I'm in more than two minds about whether to fly to London in the summer....I'm booked for a Conference in the first week of July.
Hotel and flight prices will be exorbitant - that doesn't worry me as I'm not paying - but it's security concerns that are bugging me.
I'm far from the nervous type, quite the opposite, but with all that's currently going on in the world and our compliance in so many 'bad' things I fear there will be some kind of incident, hopefully minor and prevented before harm is done.
Am I being paranoic?


----------



## xabiaxica (Jun 23, 2009)

mrypg9 said:


> I'm in more than two minds about whether to fly to London in the summer....I'm booked for a Conference in the first week of July.
> Hotel and flight prices will be exorbitant - that doesn't worry me as I'm not paying - but it's security concerns that are bugging me.
> I'm far from the nervous type, quite the opposite, but with all that's currently going on in the world and our compliance in so many 'bad' things I fear there will be some kind of incident, hopefully minor and prevented before harm is done.
> *Am I being paranoic*?


maybe....................but just because you're paranoid it doesn't mean they're not out to get you 

I think that unless you _have to_ go or _want to_ go for the Olympics themselves, that London would be best avoided this summer - afaic if only because it will be so horribly crowded


----------



## Solwriter (Jan 10, 2012)

Sorry to hear about your Mum, Pesky.
Hope she's going to be ok.

As for cheap airlines, I've given up on trying to get the cheapest deal with any of them and have gone for a bit more convenience. 
3 or 4 years ago, when there were still UK flights out of Granada airport, I looked at the chance of commuting between the UK and Spain at weekends, but gave up the idea as the costs, even then via budget airlines, were too high, taking into account fares at the UK end when landing at some ungodly hour and having to travel many miles from the airport to my destination.

But I agree, this year travel costs are worse and actual flight numbers are down.

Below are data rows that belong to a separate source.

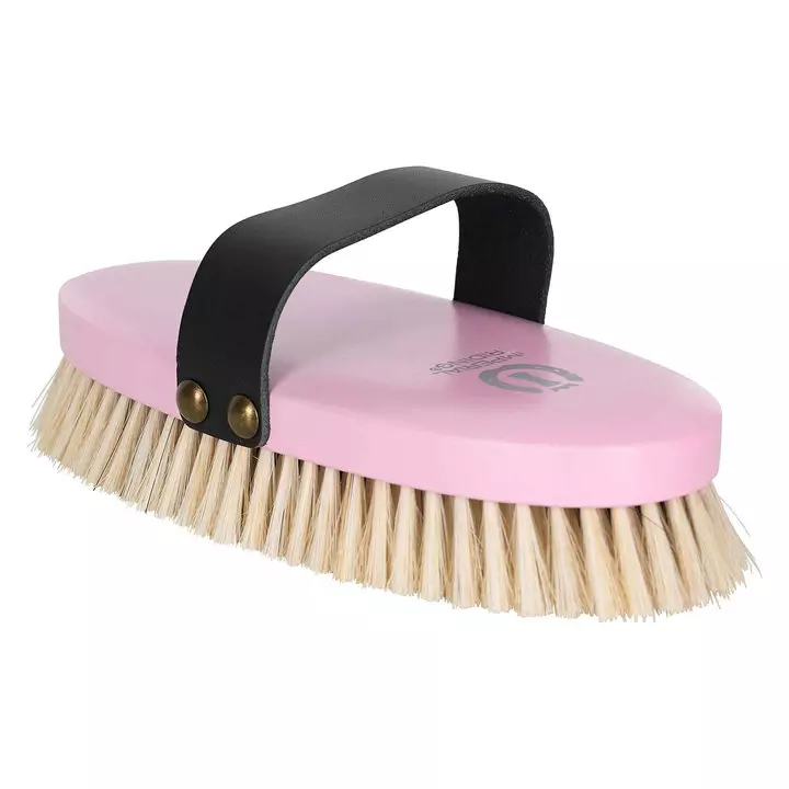 - Soft brush with horse hair, a wooden back and a leather strap.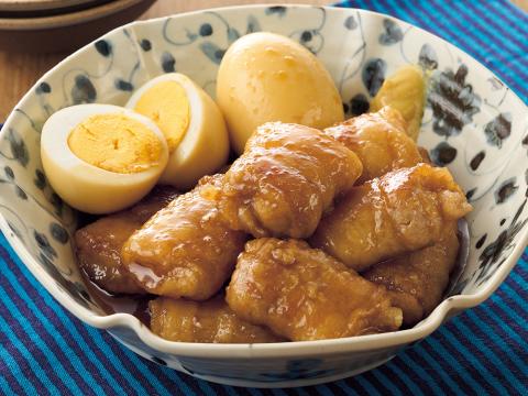 1 6 3.2の余分な脂をキッチンペーパーでふき取り、Aを加え、煮立ったらゆで卵を加え、落としぶたをして煮汁にとろみがつくまで4~5分煮る。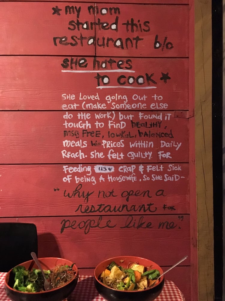Sauteed green cabbage, mushrooms and rice cakes served on a bed of fresh spring greens and julienned green cabbage, and topped off with a pile of sweet potato noodles.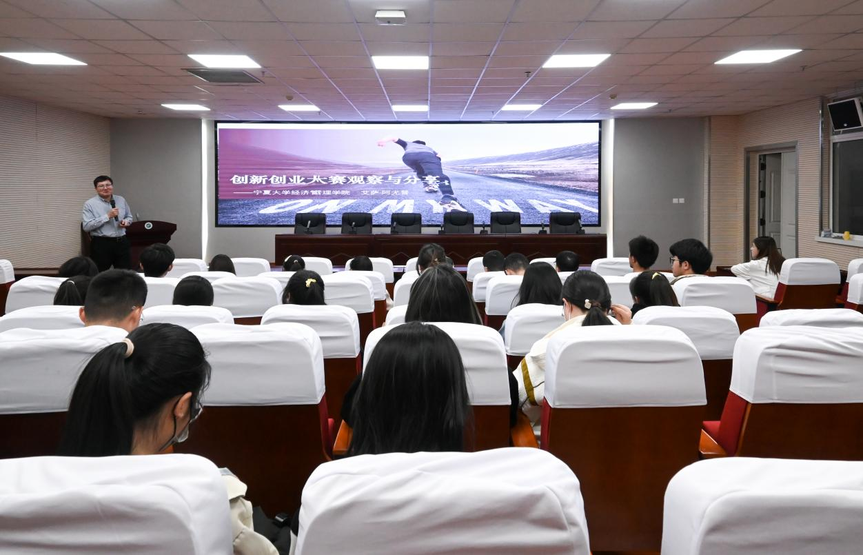 (西部发展研究院)“我敢闯 我会创”创新创业类赛事系列讲座于贺兰山校区文荟楼316会议室顺利举行。该讲座邀请艾萨·阿尤普、禹文杰老师,2020级金融学专业学生禹尧康讲解。

I have had to delay my trip to the UK until near the end of March, because the flight times I need, to fit in with my family at the UK end, aren't available until then.


----------



## Solwriter (Jan 10, 2012)

mrypg9 said:


> I'm in more than two minds about whether to fly to London in the summer....I'm booked for a Conference in the first week of July.
> Hotel and flight prices will be exorbitant - that doesn't worry me as I'm not paying - but it's security concerns that are bugging me.
> I'm far from the nervous type, quite the opposite, but with all that's currently going on in the world and our compliance in so many 'bad' things I fear there will be some kind of incident, hopefully minor and prevented before harm is done.
> Am I being paranoic?


No you're not,
It's only natural, given the current emphasis on the 'T' word, that you would think this way.
But I do think it is going to be hell for anyone travelling via a major UK airport during the Olympics, because there will be security queues and hot, weary and disgruntled passengers, everywhere.


----------



## bob_bob (Jan 5, 2011)

Mary if you don't travel because of a potential terrorist attack then 'they' have won without firing a shot


----------



## mrypg9 (Apr 26, 2008)

bob_bob said:


> Mary if you don't travel because of a potential terrorist attack then 'they' have won without firing a shot


Oh no, it's not that.....this is a woman who flew two days after 9/11 ...

I agree with you. I was thinking of what might happen in London, fearful for other people, not for myself.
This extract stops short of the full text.